One event that I was sure would bring financial ruin was the Federal Reserve’s (Fed) eventual attempt to reduce their $4.5 trillion balance sheet. However, the guidance the Fed gave on Wednesday seemed to make a lot of sense and essentially squashed my nine-year-old fear that there was simply no way they can get out of QE without destroying the planet! After all, when the now-infamous Taper Tantrum happened in 2013 after Federal Reserve Chairman Ben Bernanke merely suggested that the Fed might begin tapering their monthly purchases of mortgage-backed securities, the yield on the 10-year Treasury went from 1.62% to 2.74% in less than two months.
Last Wednesday, Fed Chairwoman Janet Yellen laid out the Fed’s plan for reducing their balance sheet at the Federal Open Market Committee press conference. The Fed will start tapering reinvestment, they hope toward the end of 2017, by reducing the monthly reinvestment of their Treasury portfolio by $6 billion and reducing the monthly Mortgage-Backed Security (MBS) portfolio by $4 billion. That is a reduction of $120 billion a year, or about a 15% reduction in monthly reinvestment. Some have said that this would be equivalent to about one additional 25-basis point increase to the Fed Funds rate, or one more additional tightening a year.
Ms. Yellen stated that the Fed will observe how things play out to determine how much of the balance sheet will remain. Multiple Fed governors, presidents, and former Chairman Ben Bernanke have signaled the Fed will need to maintain a balance sheet significantly higher than the pre-crisis level of approximately $800 billion. If you assume, as some Fed presidents have said, that $2 trillion is the right number, at $120 billion a year, it is a long way from $4.5 trillion to $2 trillion. The Fed essentially wants the taper to be something that operates in the background without the market really noticing it. They plan on doing this in conjunction with the gradual tightening of monetary policy through the Fed Funds rate. It will be interesting to see how that works.

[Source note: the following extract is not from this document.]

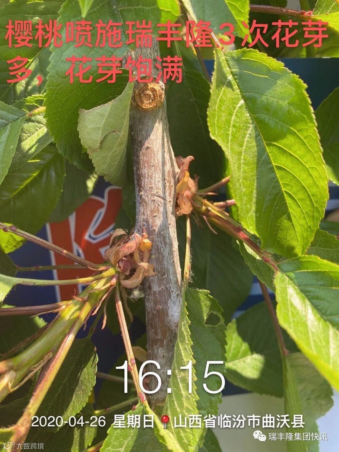 喷施使用了瑞丰隆的樱桃,花芽多花芽饱满,果个儿均匀,叶片大,宽厚而油亮,从使用了3次瑞丰隆的樱桃来看,五月定是果满枝的丰收景象!

I think that this plan has a real chance of success. However, I think the Fed is being a little too optimistic regarding its timing. The outlook for inflation has deteriorated quite a bit with lower for longer commodity prices and lack of wage growth. The fact that the unemployment rate continues to decline while wages remain sluggish and productivity is, to quote Chairwoman Yellen, “miserable” is very puzzling. The fact that we have a 4.3% unemployment rate and can barely achieve 2% GDP growth is a problem. As key industries weaken, such as the automotive sector, the historically long economic expansion we have experienced feels like it has the potential to run out of steam. The Fed did a great job this week communicating its plan for unwinding QE. I have felt, however, they are going to be sitting on their hands the rest of 2017 and maybe a good part of 2018. The endless highway will continue to roll on.